I don’t know the author but I’ve also seen it as ” I love my country, it’s the government I’m afraid of. God bless America.”
I will be delighted to answer your questions when they are presented in writing for review by my attorney to assure my efforts are complete and accurate in every detail.
Thank you for giving me the opportunity to help the police in this serious matter.
Frank,
Yep….. If I recall… Wasn’t Miranda shot in a Bar?
For your last statement I’ve seen it before…. Can you tell me who originally said it….
The concept of “Miranda rights” was enshrined in U.S. law following the 1966 Miranda v. Arizona Supreme Court decision, which found that the Fifth and Sixth Amendment rights of Ernesto Arturo Miranda had been violated during his arrest and trial for domestic violence. (Miranda was subsequently retried and convicted.)
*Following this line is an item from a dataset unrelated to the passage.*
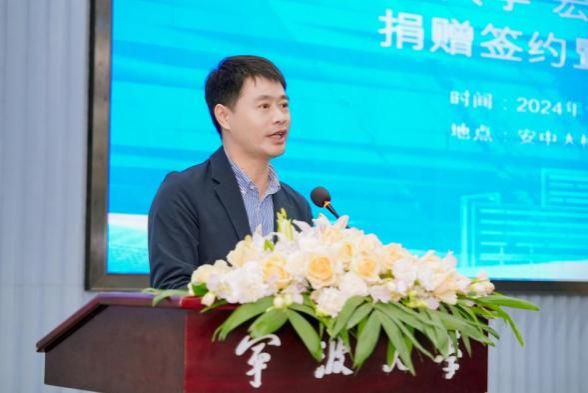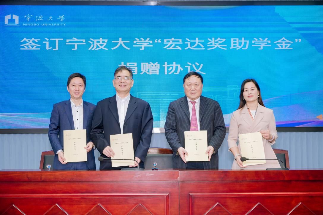 宁波宏达货柜储运有限公司董事长陆汉幸、宁波市北仑区慈善总会会长张如平、黄色小说 党委书记史宏协、潘天寿建筑与艺术设计学院党委书记韩雯琛共同完成捐赠仪式签约。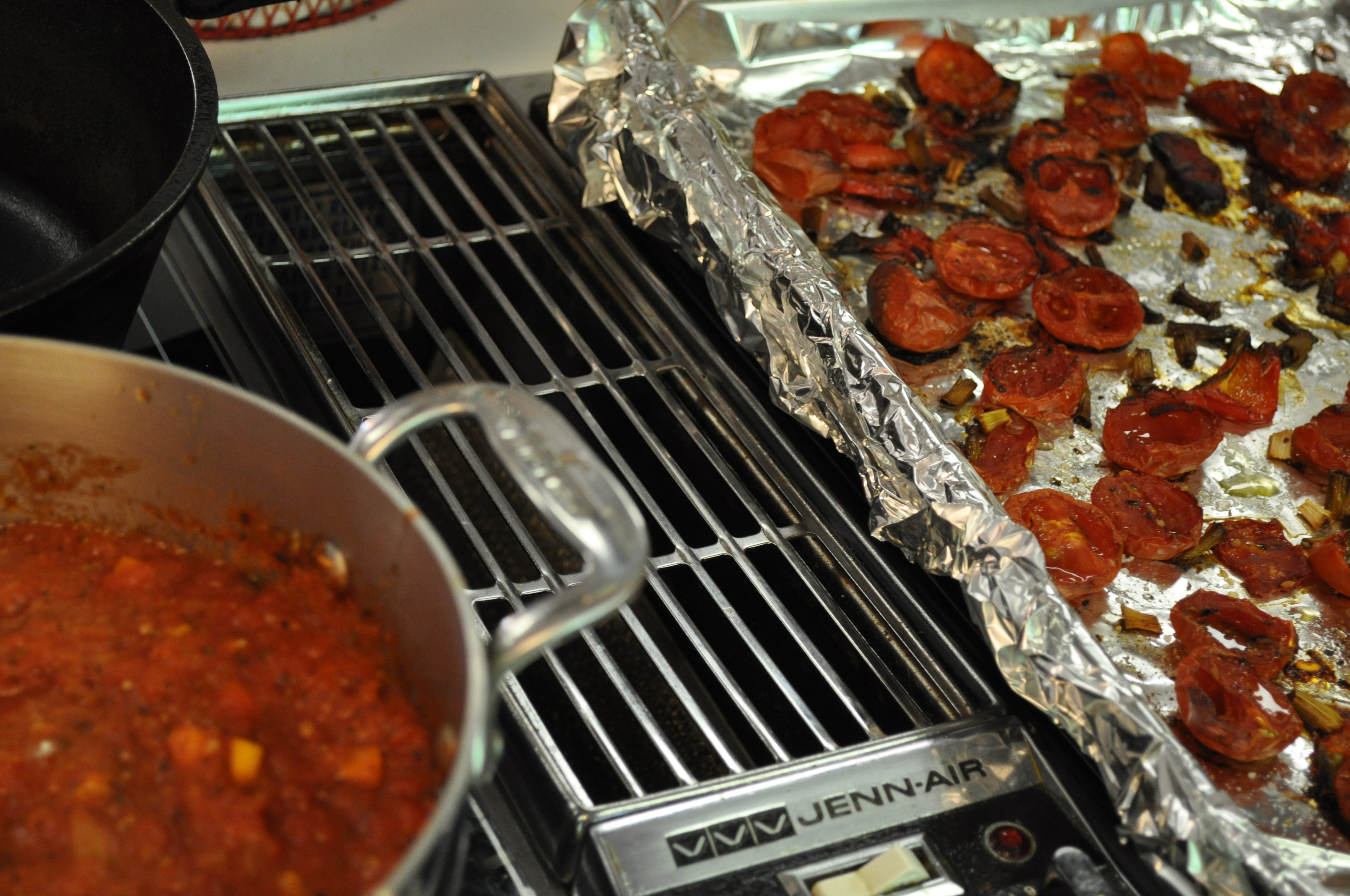 A tray from the oven, and a finished sauce. My sauce is simple. Just add a pinch of sugar, some salt and pepper and oregano. I like it chunky. Like this.

The Supreme Court did not specify the exact wording to use when informing a suspect of his/her rights. However, the Court did create a set of guidelines that must be followed. The ruling states:
…The person in custody must, prior to interrogation, be clearly informed that he/she has the right to remain silent, and that anything the person says will be used against that person in court; the person must be clearly informed that he/she has the right to consult with an attorney and to have that attorney present during questioning, and that, if he/she is indigent, an attorney will be provided at no cost to represent him/her.
Fast forward from 1966 to 2013, WOW! This opinion hardly made nation news. It certainly is a new legal world as now seen by the Supremes!
“I love my country, it’s the government I’m afraid of.”
If you have to say I am invoking the 5th amendment so that your silence is not held against you it presupposes that everyone knows that this is what they have to say.
(someone had written, sry I cannot quickly find the post, that people don’t care about this kind of thing. I think it is more that they have not heard about it. Absent this post I hadn’t. There is a lot in the ‘news’ that I would be ignorant of without this blog. So much news, so much of it caring more about celebrities and Kate Middleton’s pregnancy, people cannot keep it, even when something important is noted it is often lost within the clatter of all the other crap with which it is surrounded.))
Yep…. And out of the great state of Michigan they did the same thing…. It’s crazy….. Crazy I tell you….
What’s surprising here its a Hispanic and Houston…. At least he made it to trial….. That all…
So, we are at the point now where the term “right” has been redefined as “something that negative consequences can be inflicted on you for doing”. Which, if my dictionary is correct, makes it a synonym for “offence”, or so.